O documento rememora a aprovação, em 2016, da Emenda Constitucional 96 que criou um novo regime fiscal e impôs uma redução do tamanho relativo do Estado para os vinte anos seguintes com drástica redução no investimento em políticas sociais. Tal ação resultou no sucateamento das instituições públicas. Faltam vagas, faltam equipamentos, falta democratização.

A precarização do acesso à saúde, justiça, educação, moradia e alimentação adequada passaram por fortes restrições em termos de prestações de serviços, o que impacta diretamente nas condições reais de vida da população e, por conseguinte, no modo pelo qual o país enfrenta a pandemia e seus agravos na vida social.

O sucateamento e a desvalorização da saúde pública trouxe consequências fatais. Hoje o Brasil contabiliza quase 540 mil vidas perdidas pela Covid-19. Durante o primeiro ano da pandemia o país assistiu a um efetivo apagão de dados, sem acesso a políticas de testagem em massa, sem iniciativas de rastreamento do contágio e, o mais grave, com discursos públicos de combate às medidas de isolamento social. 

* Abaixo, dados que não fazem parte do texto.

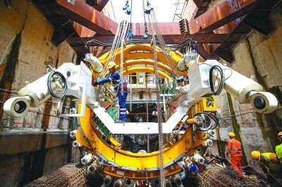 在以色列特拉維夫輕軌紅線施工現場,工人在組裝盾構機。中國中鐵旗下子公司與以色列公司組成的聯營體于2015年5月成功中標以色列特拉維夫輕軌紅線項目TBM段西標段。圖為新華社發
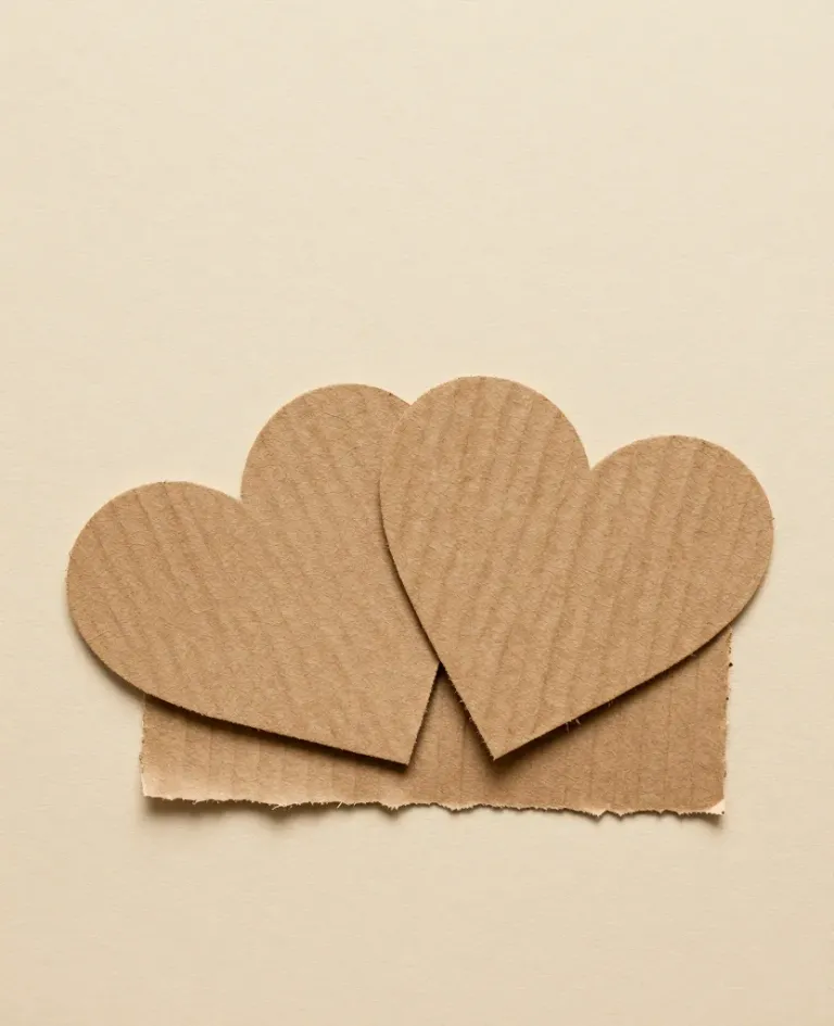 Two heart-shaped cutouts of brown kraft paper, softly lit to highlight their rough, fibrous texture, creating a warm and nostalgic atmosphere. The simple, centered composition with a plain background ensures the focus remains on the tactile, handcrafted feel of the paper.

Conforme o Observatório Direitos Humanos Crise e Covid-19 relatou no informe sobre serviços públicos durante a pandemia, em abril de 2020, o estado do Maranhão teve que elaborar uma agressiva estratégia de diplomacia comercial para adquirir respiradores na China e evitar o colapso de saúde no estado, uma vez que não havia política federal para apoiar a compra dos equipamentos. Além disso, o governo federal não investiu em campanhas de informação sobre a prevenção e vacinação contra o vírus. 

Neste cenário de violações no período pandêmico, o Informe também aborda questões como o aumento da violência contra mulheres, violência policial, direito à moradia e à educação. Fica evidente a ausência do Estado na efetivação de políticas e serviços públicos de qualidade, e seu protagonismo no projeto de genocídio da população brasileira. 


Alma Preta

Leia na íntegra a reportagem do Alma Preta Covid-19: descaso do governo com quilombolas e população carcerária é denunciado na ONU, com base em nosso Informe.

O Observatório produz e sistematiza informações referentes aos direitos humanos no contexto da pandemia do Coronavírus no Brasil. Fazem parte:

– Anistia Internacional

– Articulação de Mulheres Brasileiras (AMB)

– Articulação de redes e entidades nacionais para o enfrentamento da pandemia nas periferias e grupos vulneráveis.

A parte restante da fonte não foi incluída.